À l’hôpital, la culture du résultat s’oppose à la culture de service public
Une autre privatisation sévit à l’hôpital. Elle porte moins sur le financement, car les taux de prise en charge publics y restent élevés. Elle concerne la délivrance du soin et repose sur la capacité du secteur public à se conformer aux règles du secteur privé. Cette privatisation est portée par le nouveau management public pour lequel il n’y a jamais de problèmes de moyens et de pénurie de personnel, mais uniquement des problèmes d’organisation. La réorganisation du travail médical se fait au nom de la réalisation de gains de productivité. L’hypothèse fondamentale est qu’il existe des marges d’amélioration au niveau des acteurs pour atteindre les meilleurs résultats possibles avec des ressources budgétaires identiques.
Selon cette conception, la bonne gestion n’a pas de lieu ni de frontière : elle est universelle. Les personnels sont invités à se former à ce management à la performance, même si un traitement rapide des dossiers ou des soins pénalise les patients précaires ou si l’application de standards de séjours ignore les différences sociales. La culture du résultat s’oppose à la culture de service public. Piloter un hôpital avec les mêmes références qu’une entreprise privée heurte les personnels qui y résistent souvent. L’hôpital est devenu l’un des lieux emblématiques de la souffrance au travail. […]

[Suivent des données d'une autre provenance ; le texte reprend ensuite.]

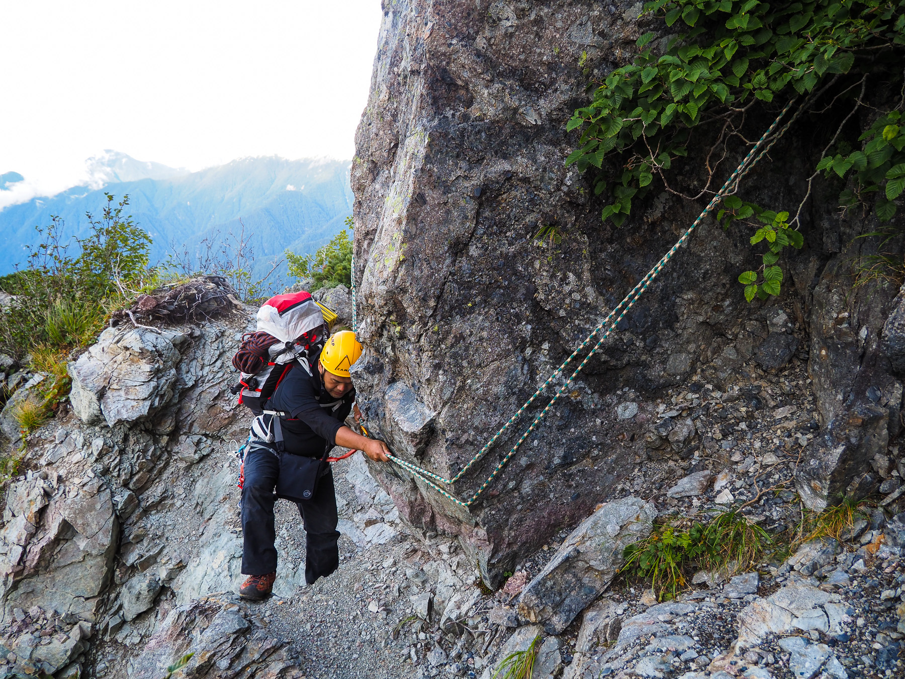 ロープは40mm持っているし、プロテクションもあるので直登したいが時間が無い。一般的なルートでトラバースし、ギャップの手前で主稜に上がった。この間核心は三カ所あるが、難しくはない。ただし、ミスをすると滑落につながる。時計を見ると16時30分を過ぎていた。明日の行程を考えると少しでも進めておきたいが、撮影の出来る敵地があったかどうか、記憶が定かでない。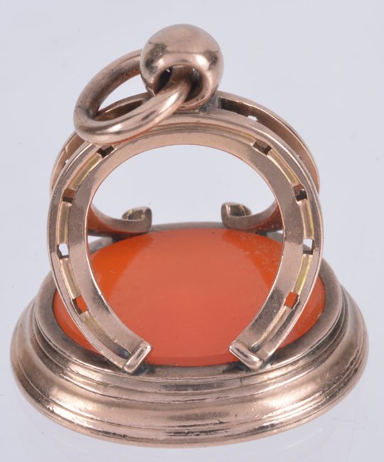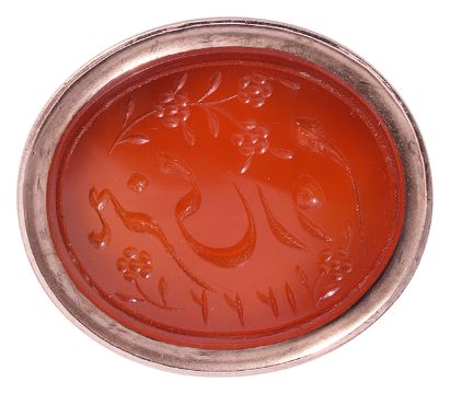 the large oval carnelian seal set in yellow/rose metal mount, tests for gold and having two curved horseshoe supports, the intaglio carved with flowers and script

Il est aussi devenu peu hospitalier en dépit du dévouement des soignants. Les assurances santé privées ont été valorisées alors qu’elles sont plus coûteuses et plus inégalitaires que la Sécurité sociale. Le système de santé s’est largement retourné contre le patient parce que la santé est plongée dans un désert politique où les choix qui sont faits au nom du patient sont très peu discutés et souvent présentés comme inévitables ou indiscutables. Si on juge la démocratie dans le domaine de la santé par la place que joue le patient dans la prise de décision, alors force est de reconnaître le déficit démocratique. Le patient semble souvent écarté de décisions qui le concernent au premier chef, en matière de financement tout particulièrement. Des médicaments inutiles ou pire dangereux sont très bien remboursés alors que les lunettes ou les prothèses auditives ne le sont pas. Le recul de la démocratie dans la santé se conjugue avec le recul de la Sécurité sociale dans la prise en charge du soin. Le patient ne peut plus être privé d’un débat auquel il a droit puisqu’il s’agit de sa santé.
Philippe Batifoulier est économiste. Il est professeur à l’université Paris 13-Villetaneuse.